Up to and including the line with "三面鏡付きの洗面台!収納棚もあるのでバスタオルなどの置き場確保にも使えます!", write out the listing from its first line, minus the pictures.

+++ PROVIDED DATA

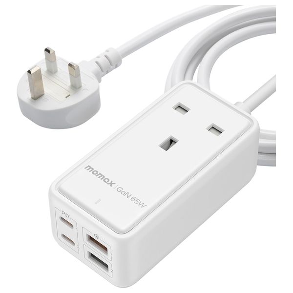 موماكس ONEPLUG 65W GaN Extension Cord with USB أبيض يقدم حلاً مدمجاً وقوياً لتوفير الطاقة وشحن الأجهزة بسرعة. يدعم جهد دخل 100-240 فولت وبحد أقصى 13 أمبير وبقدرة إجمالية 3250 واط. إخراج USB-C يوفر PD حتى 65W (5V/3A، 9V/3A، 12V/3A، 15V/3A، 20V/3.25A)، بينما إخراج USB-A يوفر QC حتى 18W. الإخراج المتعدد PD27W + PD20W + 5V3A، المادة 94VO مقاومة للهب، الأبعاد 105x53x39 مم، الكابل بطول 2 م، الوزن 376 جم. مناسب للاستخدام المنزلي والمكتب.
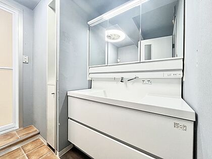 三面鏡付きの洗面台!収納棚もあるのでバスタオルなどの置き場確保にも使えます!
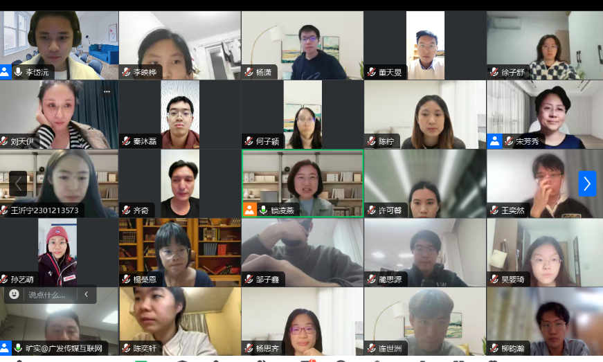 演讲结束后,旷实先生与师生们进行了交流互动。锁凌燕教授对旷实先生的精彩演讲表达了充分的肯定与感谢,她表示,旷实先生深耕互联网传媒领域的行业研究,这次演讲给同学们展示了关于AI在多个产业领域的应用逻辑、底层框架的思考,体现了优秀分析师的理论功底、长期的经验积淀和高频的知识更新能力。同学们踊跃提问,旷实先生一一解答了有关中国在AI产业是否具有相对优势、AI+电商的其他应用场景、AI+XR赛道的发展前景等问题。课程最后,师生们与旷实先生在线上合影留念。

++++++

▸ RESULT
 موماكس ONEPLUG 65W GaN Extension Cord with USB أبيض يقدم حلاً مدمجاً وقوياً لتوفير الطاقة وشحن الأجهزة بسرعة. يدعم جهد دخل 100-240 فولت وبحد أقصى 13 أمبير وبقدرة إجمالية 3250 واط. إخراج USB-C يوفر PD حتى 65W (5V/3A، 9V/3A، 12V/3A، 15V/3A، 20V/3.25A)، بينما إخراج USB-A يوفر QC حتى 18W. الإخراج المتعدد PD27W + PD20W + 5V3A، المادة 94VO مقاومة للهب، الأبعاد 105x53x39 مم، الكابل بطول 2 م، الوزن 376 جم. مناسب للاستخدام المنزلي والمكتب.
 三面鏡付きの洗面台!収納棚もあるのでバスタオルなどの置き場確保にも使えます!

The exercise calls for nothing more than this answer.